Educational Reform or Ineptitude?


That the American educational system is broken is one fact that everyone, it seems, is in agreement with. “Despite decades of reform attempts and billions of dollars of investment, the American education system badly needs improvement.” Only 34 percent of eighth graders are proficient in mathematics, 29 percent in science and 33 percent in reading. Compared to other countries, American students score near the bottom—21st out of 30 in science and even worse in mathematics—25th. Only 70 percent of students graduate on time. Americans also give the nation’s public school system poor grades, with 70 percent grading the system as C, D or F.

Reform movements can be likened to the crocus which bursts into bloom every autumn. Although begun in the nineteenth century, reform movements increased in the 1980s. Ronald Reagan tried to reduce or eliminate the Department of Education, and Hirsch attacked progressive education, advocating an emphasis on “cultural literacy.” In the 1990s most states adopted outcome-based educational reforms. Committees were created to set standards and select quantitative instruments to assess student performance. Standards-based National Education Goals (Goals 2000) were set by the U.S. Congress which culminated in the No Child Left Behind Act of 2001. It is still an active nation-wide mandate. Outcome based reformers suggested other methods, such as constructivist mathematics and whole language studies. Some advocated replacing the high school diploma with a Certificate of Initial Mastery. Other reforms suggested are school-to-work, which would require all students except those in a university track to spend substantial class time on a job site. In the 2000s, several more education reforms were proposed: longer school days/years, after-school tutoring, charter schools, school choice, school vouchers, smaller class sizes, improved teacher quality, improved teacher training, higher credential standards, higher teacher pay, performance bonuses, firing low-performing teachers, internet and computer access in schools, mainstreaming special education students, higher curriculum standards, better textbooks, redesigned schools and classrooms, more private schools, school choice, and even home schooling. None has shown a measurable improvement in the quality of education in America. In fact, it appears that the more reforms undertaken, the worse education gets. For decades, the nation has been grasping at straws to build a house that the big bad wolf huffs and puffs and blows down. Now we have another straw—Race to the Top.

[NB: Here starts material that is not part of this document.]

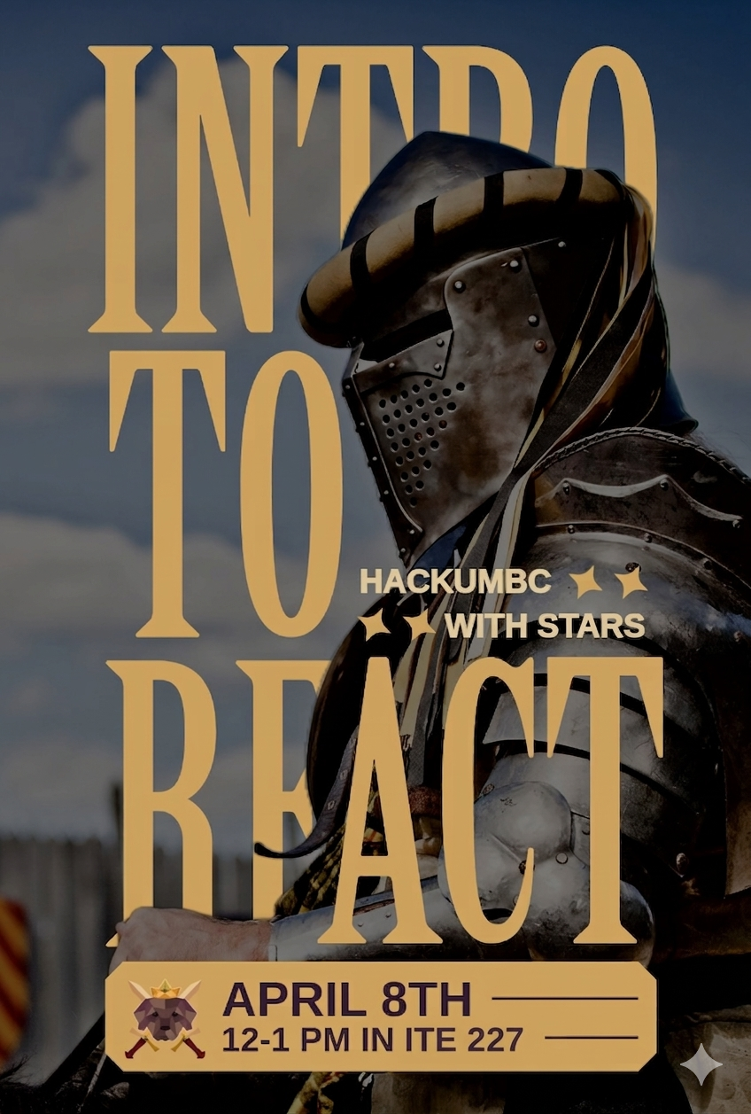 hackUMBC is teaming up with STARS to bring you an Intro to React workshop! It's the perfect opportunity to get hands-on experience with one of the most popular front-end libraries out there!

One example given of how to improve schools is that of Washington, DC. Michelle Rhee, the system’s Chancellor, thinks she may have a solution: Treat it like any other business. Make educators accountable for their successes and failures. If you don’t succeed as a principal or teacher, she “wants you out.”

When she arrived two and a half years ago, she inherited schools like Sousa Middle. “It was out of control,” Rhee says. “I mean, there were more children in the hallway than in the classroom, all the kids had hoods on, had their earphones in, [and were] swearing at teachers.” Rhee removed the former principal and fired 11 of 31 teachers, introduced school uniforms and Saturday school. Last year’s test scores were up double-digits: 25 percent in math, 17 percent in reading. The attendance rate is 98 percent. Impressive, isn’t it?

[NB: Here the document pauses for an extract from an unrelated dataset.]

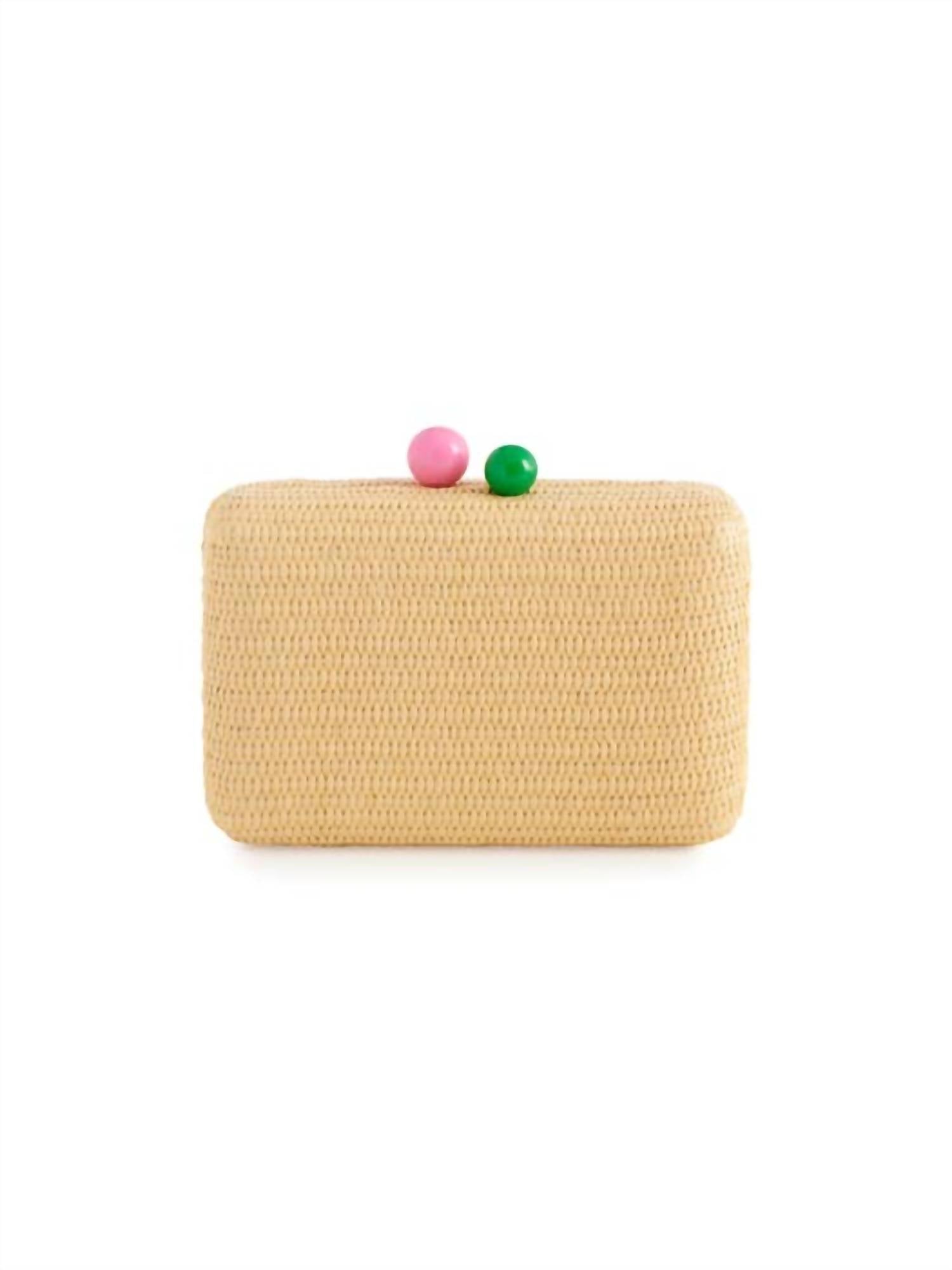 Lipstick, check. Mints, check. Credit card, check. The cutest little bag that holds all of your necessities. Introducing the Women's June Minaudiere Clutch Bag by Shiraleah, a chic accessory in a natural hue that exudes playful elegance. This handwoven piece, crafted from lightweight polyethylene, features a compact silhouette that is both functional and stylish. The bag boasts a magnetic frame with a vibrant color-pop clasp and comes with a detachable gold cross-body chain, allowing for versatile wear as a shoulder or handheld accessory. Elevate your ensemble with this statement piece, with dimensions of 2" in width and 4.25" in height, perfect for adding that extra touch of elegance to your look.

Let’s ask some questions. Rhee fired a principal and 35 percent of the teachers. Where did she get the replacements from? More likely than not, she stole them from other schools. But then the stolen teachers had to be replaced? How? Were the teachers Rhee just fired rehired? If so, that doesn’t help. Although she may have improved one school in her district, she may have also worsened others.

And what if this method were practiced at every school throughout the nation? Let’s do some arithmetic.

The nation’s colleges and universities grant about 100,000 teaching degrees a year. More than 12 percent of all newly hired “teachers” enter the workforce without any training at all, and another 15 percent enter without having fully met state standards—that’s 27 percent. Hiring them won’t help. That leaves 73,000 adequately trained new teachers a year. But the schools loose about 300,000 teachers a year through attrition, which means that at the current rates, our colleges and universities are graduating about 227,000 fewer teachers each year than are needed even if no poor teachers are replaced. (Obama recognizes this, but he gets the number wrong. He says, “And year after year the gap between the number of teachers we have and the number of teachers we need . . . is widening. The shortfall is projected to climb past a quarter of a million teachers in the next five years.”)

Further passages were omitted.